As pro-Palestine protests have erupted on U.S. college campuses over the last week, protesters—including art students and faculty—have been joining the rallying calls for a ceasefire in Gaza and divestment from Israeli companies. Protests have spread to dozens of universities across the nation after an encampment on the campus of Columbia University in New York City led to the arrest and suspension of more than 100 protesters on April 18.

On Friday, April 26, protesters overtook the major intersection of Chicago’s Michigan Avenue and Adams Street, near the School of the Art Institute of Chicago, before being pushed to the neighboring Millennium Park by police.

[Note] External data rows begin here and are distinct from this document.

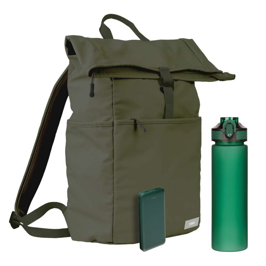 Подарочный набор Boston, зеленый (бутылка, ЗУ, рюкзак)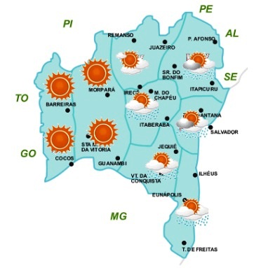Estas chuvas deverão ser de fraca intensidade e mais concentradas no Nordeste, Sul e Recôncavo baiano. Ainda assim, há chances de ocorrer eventos isolados de chuvas mais intensas nas localidades mais próximas ao litoral destas regiões. As temperaturas nessas áreas permanecerão estáveis, com valores variando entre mínimas de 17°C (na região Sul) e máximas de 31°C (na região Nordeste).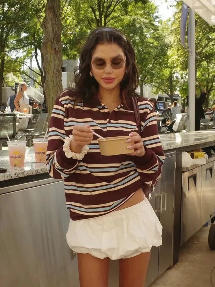 Vi presenterar Chelsea Striped Casual Dampolotröjan, designad för en avslappnad men ändå moderiktig look. Denna mångsidiga topp har en knappdetalj och är perfekt för sommarutflykter eller vardagliga sammankomster. Tillverkad av lätt tyg garanterar den komfort hela dagen.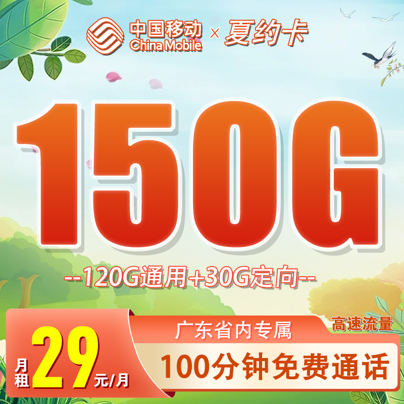 移动夏约卡29元150流量+100分钟通话套餐构成第1-48个月29元包120G全国通用+30G全国定向+100分钟通话到期恢复原套餐归属地广东不发地区仅发广东配送方式京东/顺丰激活方式上门激活首充渠道任意渠道一次性充值100元办理年龄18-30岁违停复机-套餐合约48个月合约注销方式支持异地注销、营业厅注销,合约期内注销有违约金,违约金=(原套餐月租-当前月租)×已履约月份,如有变动以官方为准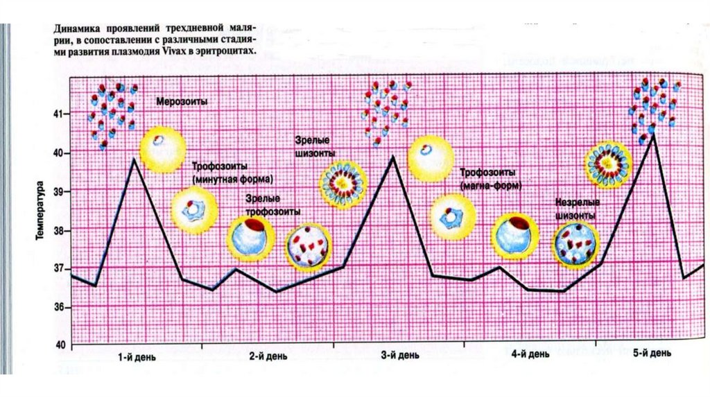 Малярия — антропонозная протозойная болезнь, вызываемаяпростейшими рода Plasmodium', сопровождается приступами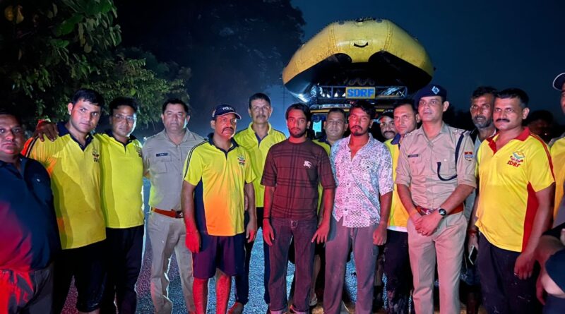 नदी में पशुओं का चारा लेने गए थे पांचो व्यक्ति फँसे नदी में एसडीआरएफ ने निकाले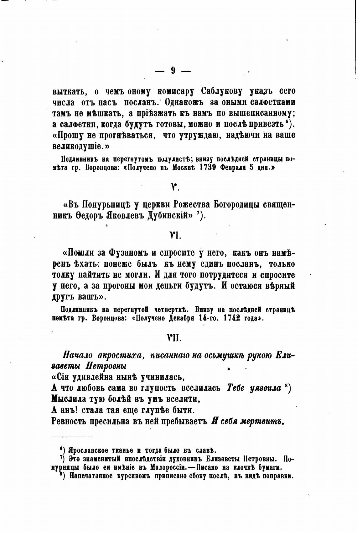 има тр. Воронцова: «Получено въ Москвв 1139 Феврия 5 дня.»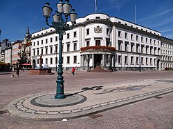 The new town hall was built in 1887. A tile mosaic in front of the town hall shows the heraldic eagle of the Kingdom of Prussia (of which Wiesbaden was a part at the time), the coat of arms of the Prussian Province of Hesse-Nassau, and the fleur-de-lis of Wiesbaden. The old town hall, built in 1610, is the oldest preserved building in the city center and now is used as a civil registry office.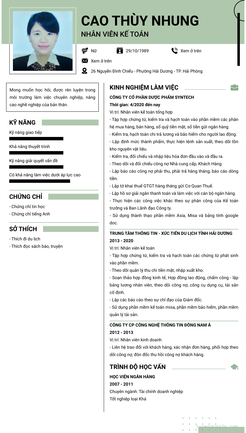 Mở xem thông tin đầy đủ ứng viên CAO THÙY NHUNG chỉ với 2 điểm. Ứng viên được cập nhật ngày 29/11/2025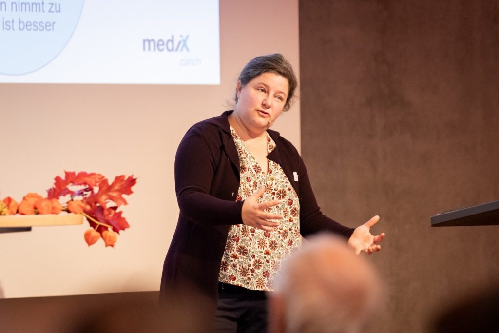 Im zweiten Referat präsentierte Corinne Chmiel, Leitende Ärztin beim Ärztenetz mediX, ihren Alltag in der hausärztlichen Praxis. Sie ist oft mit Patientinnen und Patienten mit sehr konkreten Ansprüchen und Erwartungen konfrontiert. Dafür sieht sie drei Gründe: Zum einen eine Anspruchshaltung, die aufgrund der hohen Prämien entsteht und zu einem «Kioskverhalten» führt. Zum anderen sind zu viele, oft falsche, Informationen im Umlauf und insbesondere bei den Jüngeren auch zunehmende Ängste. Schliesslich gibt es falsche Erwartungen an die Diagnostik und dem Motto «Mehr ist mehr». Lösungsansätze sieht Corinne Chmiel vor allem in echten Managed-Care Modellen, die durch eine verbesserte Arzt-Patientenbeziehung, bessere Informationen für die Patienten und vernünftige Guidelines für Leistungserbringer an beiden Seiten ansetzen.

According to the Chicago Sun-Times, Rhoda Rosen, a curator and art history professor at SAIC who is Jewish and South African and who serves on the Advisory Council of the European Shoah Legacy Institute, spoke to the demonstrators.

“We support your vision of the School of The Art Institute of Chicago, and we believe that’s it’s achievable, a vision that imagines what it would be like to be a part of a community that divests from those funds that support the destruction of Palestinian culture,” Rosen said. “Know that calls for divestment from U.S. companies profiting from South African apartheid had a huge impact in South Africa.”

The image shows a group of people marching in the street in downtown Chicago, possibly as part of a protest. The crowd includes individuals carrying Palestine flags and a line of police in riot gear line the street.

Pro-Palestinian demonstrators march through downtown Chicago to protest against Israeli attacks on Gaza. Photo: Jacek Boczarski/Anadolu via Getty Images.

Faculty at multiple universities have also issued statements of solidarity with university students. Members of Columbia’s Visual Arts and Music faculty issued a letter to students underscoring their constitutional right to assembly and free speech, according to a report by Hyperallergic. “We ask the University to revoke all suspensions, expunge the disciplinary records of sanctioned students, and immediately allow all students back into their dormitories,” the letter said.